*EXERCISE DIRECTIONS:*
Within the lines below, the span from the line with "Write a review1.SV28PLUSフィールドスコープは、64-43" to the line with "Complete your look", both ends included, is to be reproduced exactly, with pictures omitted.

EXERCISE INPUTS Block Start

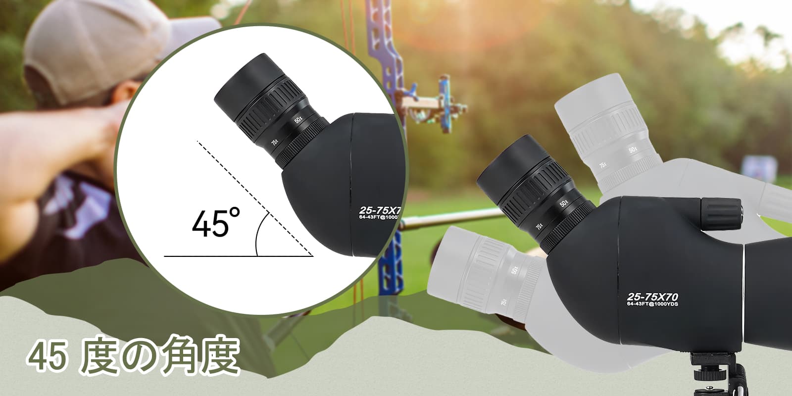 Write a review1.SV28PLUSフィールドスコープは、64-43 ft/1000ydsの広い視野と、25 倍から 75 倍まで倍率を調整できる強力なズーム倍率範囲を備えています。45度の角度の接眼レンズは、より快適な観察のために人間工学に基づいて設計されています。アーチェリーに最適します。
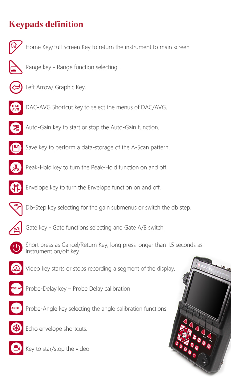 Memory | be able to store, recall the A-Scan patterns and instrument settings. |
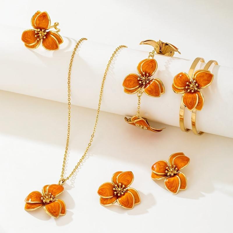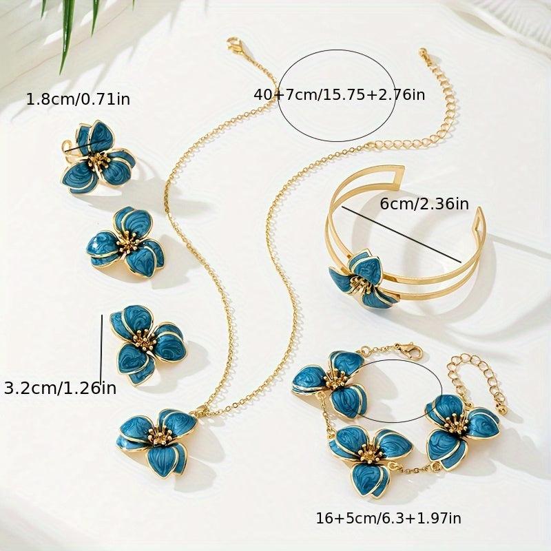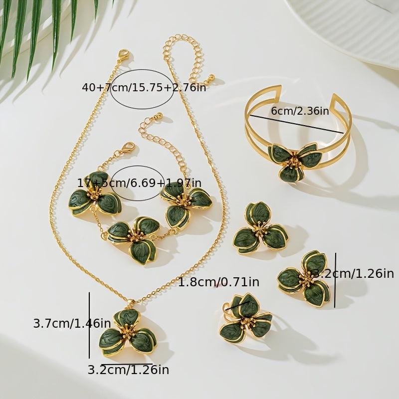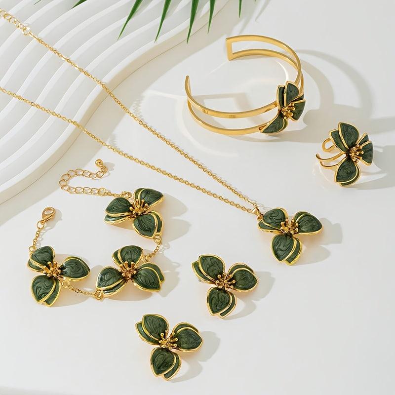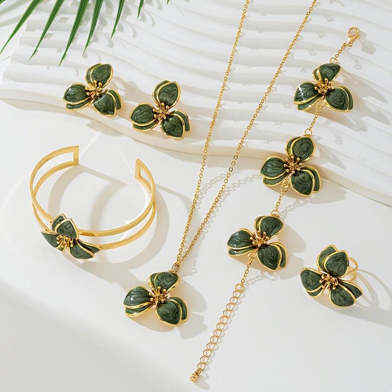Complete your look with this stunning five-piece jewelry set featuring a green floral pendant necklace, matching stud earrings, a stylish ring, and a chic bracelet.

EXERCISE INPUTS Block End
EXERCISE INPUTS Block Start

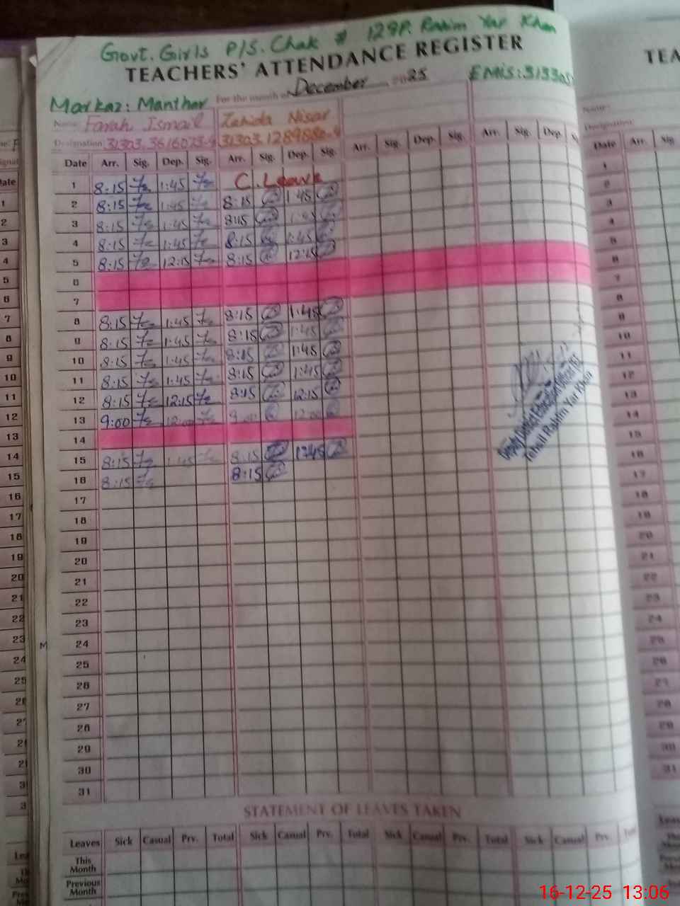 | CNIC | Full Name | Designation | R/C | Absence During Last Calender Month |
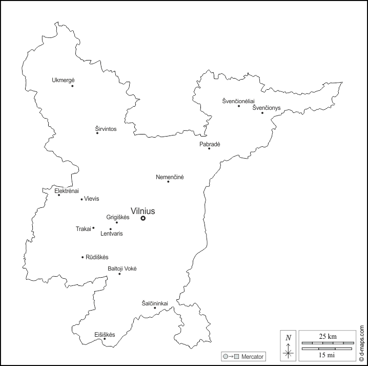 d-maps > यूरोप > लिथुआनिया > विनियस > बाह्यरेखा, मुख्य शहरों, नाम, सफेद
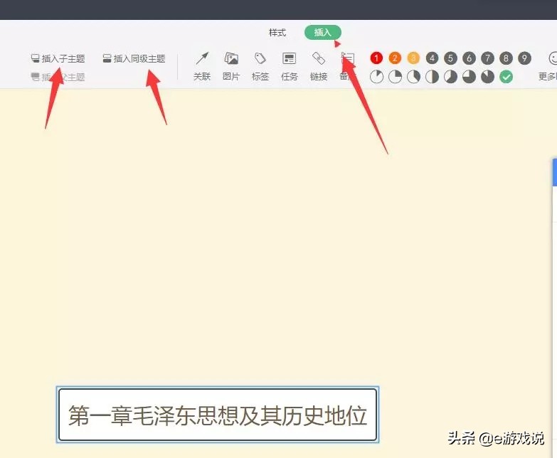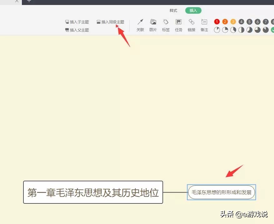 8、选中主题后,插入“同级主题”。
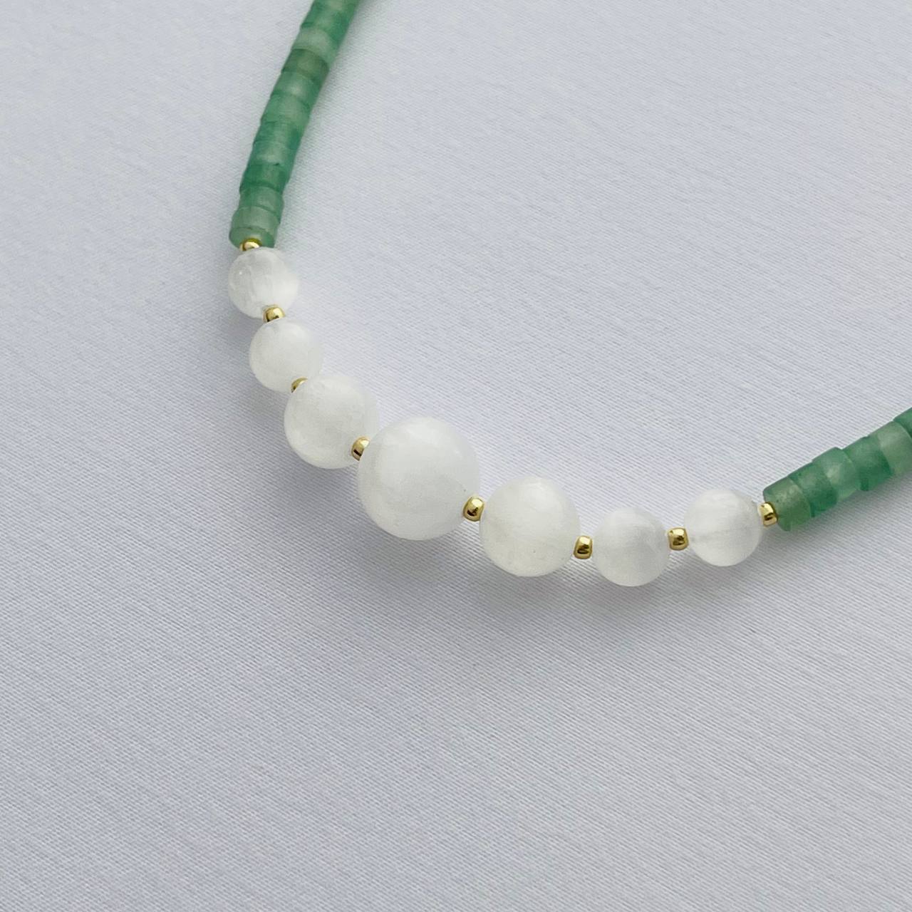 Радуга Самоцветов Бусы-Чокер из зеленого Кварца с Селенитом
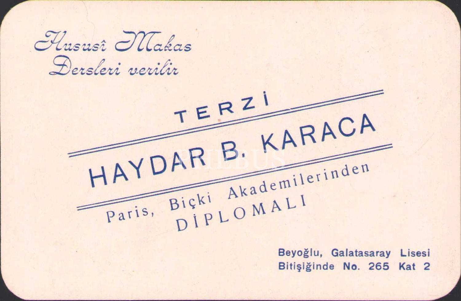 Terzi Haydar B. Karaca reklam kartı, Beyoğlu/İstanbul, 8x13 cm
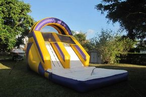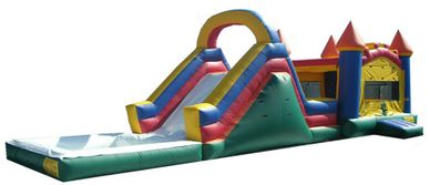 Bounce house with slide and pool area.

EXERCISE INPUTS Block End

*REPLY TO THE EXERCISE:*
 Write a review1.SV28PLUSフィールドスコープは、64-43 ft/1000ydsの広い視野と、25 倍から 75 倍まで倍率を調整できる強力なズーム倍率範囲を備えています。45度の角度の接眼レンズは、より快適な観察のために人間工学に基づいて設計されています。アーチェリーに最適します。
 Memory | be able to store, recall the A-Scan patterns and instrument settings. |
Complete your look with this stunning five-piece jewelry set featuring a green floral pendant necklace, matching stud earrings, a stylish ring, and a chic bracelet.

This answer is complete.